Can you help me with some hints?
On
Since $$ x \cdot \nabla u = |x|^2, $$ but also $$ x \cdot x = |x|^2, $$ I would try $$ \nabla u = x, $$ which leads to $$ u(x) = {1 \over 2} x \cdot x + {\tt const}. $$ In general, I would recommend looking into the method of characteristics.

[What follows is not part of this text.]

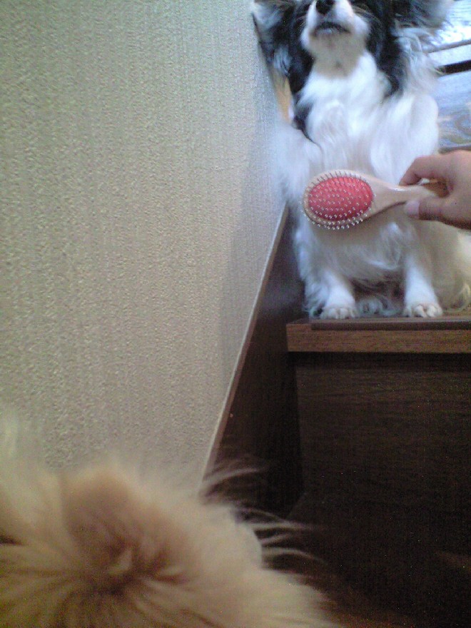ジョンは階段の中腹にある踊り場、パピは踊り場から3段目辺りに座らせてブラッシングを始めました。

Use the method of characteristics to decompose the problem. Observe, we have the string of equations: $$\frac{dx_1}{x_1} = \ldots = \frac{dx_n}{x_n} = \frac{dz}{x_1^2 + \ldots x_n^2}$$
Solving for the constant characteristics for the first n-1 equations, we get: $$\phi_i = \frac{x_{i-1}}{x_i}$$
So the last equation becomes: $$\frac{dx_n}{x_n} = \frac{dz}{x_n^2 \phi_{n-1}^2(1 + \phi_{n-2}^2(\ldots (1 + \phi_1^2) \ldots )))}$$ Which, if we allow $\psi := \phi_{n-1}^2(1 + \phi_{n-2}^2(\ldots (1 + \phi_1^2) \ldots )))$, then this boils down to: $$\frac{dz}{\psi} = x_n dx_n$$ $$\implies \frac{z}{\psi} = \frac{1}{2}x_n^2 + \eta(\phi_1, \ldots, \phi_{n-1})$$ $$\implies z = \psi(\frac{1}{2}x_n^2 + \eta)$$
where we defined $\psi$ already, which we know equals: $$\psi = \frac{|x|^2}{x_n^2}$$ and $\eta$ is a function on the constants $\phi_1, \ldots, \phi_{n-1}$.
This leads to:
$$u = \frac{1}{2} x \cdot x + \eta(\phi_1, \ldots, \phi_{n-1})\frac{|x|^2}{x_n^2}$$
Now considering the initial conditions:
$$u(x_1 = 1, \cdot ) = 3x_n = \frac{1}{2}\sum_{i=1}^n x_i^2 + \eta(1, \phi_2, \ldots, \phi_{n-1}) \frac{1}{x_n^2} \sum_{i=1}^n x_i^2$$ $$\implies 3x_n^3 - \frac{x_n^2}{2}\sum_{i=1}^n x_i^2 = \eta(1, \phi_2, \ldots, \phi_{n-1}) \sum_{i=1}^n x_i^2$$ $$\implies \frac{3x_n^3}{|x|^2} - \frac{x_n^2}{2} = \eta(1, \phi_2, \ldots, \phi_{n-1}) $$ Of course we can easily translate the variables $\phi_2 = x_2, \phi_3 = \frac{x_3}{x_2}, \ldots$ which instantly makes $\eta$ a function of $x_2, \ldots, x_n$. Therefore, $$ \implies \eta = \frac{3x_n^3}{1 + \sum_{i=2}^n x_i^2} - \frac{x_n^2}{2}$$
Thus, we get: $$u = \frac{1}{2} x \cdot x + |x|^2 \left ( \frac{3x_n}{1 + \sum_{i=2}^n x_i^2} - \frac{1}{2} \right )$$
Which simplifies to: $$u = x \cdot x \left ( \frac{3x_n}{1 + \sum_{i=2}^n x_i^2} \right )$$